## Directions:
Leaving the pictures aside, return all of the data below exactly.

[[ Information provided, beginning ]]

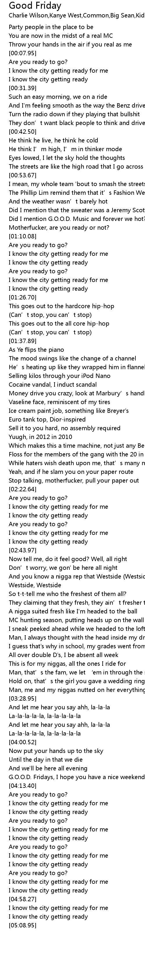| [04:10.99] | G.O.O.D. Fridays, I hope you have a nice weekend |
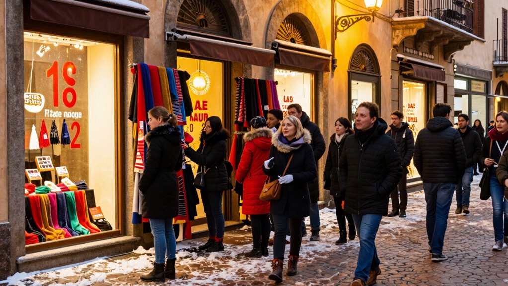 You’ll notice regional differences in Italy’s sales regulations. Each region sets its own start date, mostly beginning on January 4th, but Valle d’Aosta starts on January 2nd, and Alto Adige on January 8th. Duration varies, from six weeks to two months, and specific rules like price display and end dates depend on regional authorities. This regional variation means you might find some areas starting earlier or lasting longer, giving you more shopping flexibility.
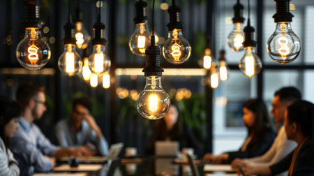 A roundtable discussion under a canopy of hanging lightbulbs, with one bulb shining brightest as a team member articulates their idea, highlighting the moment of insight and collective enthusiasm.
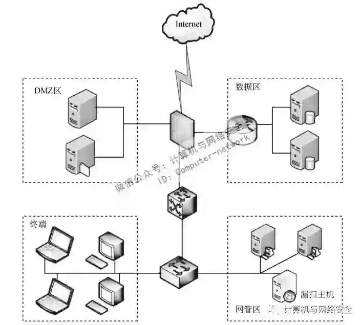 在等级保护安全体系规划中,访问控制的要求贯穿了各个层级,可以说网络安全的防护就是要对访问控制进行安全防护。相比物理层、网络层通过部署有关安全产品实现访问控制,满足等级保护要求,在设备和计算安全中主要就是通过对设备的操作系统进行安全配置,合理加强访问控制安全措施,防止内、外非法用户攻击,保障主机安全。安全准入和终端管理部署示意图如图2所示。

[[ Information provided, end ]]

## The completed task:
| [04:10.99] | G.O.O.D. Fridays, I hope you have a nice weekend |
 You’ll notice regional differences in Italy’s sales regulations. Each region sets its own start date, mostly beginning on January 4th, but Valle d’Aosta starts on January 2nd, and Alto Adige on January 8th. Duration varies, from six weeks to two months, and specific rules like price display and end dates depend on regional authorities. This regional variation means you might find some areas starting earlier or lasting longer, giving you more shopping flexibility.
 A roundtable discussion under a canopy of hanging lightbulbs, with one bulb shining brightest as a team member articulates their idea, highlighting the moment of insight and collective enthusiasm.
 在等级保护安全体系规划中,访问控制的要求贯穿了各个层级,可以说网络安全的防护就是要对访问控制进行安全防护。相比物理层、网络层通过部署有关安全产品实现访问控制,满足等级保护要求,在设备和计算安全中主要就是通过对设备的操作系统进行安全配置,合理加强访问控制安全措施,防止内、外非法用户攻击,保障主机安全。安全准入和终端管理部署示意图如图2所示。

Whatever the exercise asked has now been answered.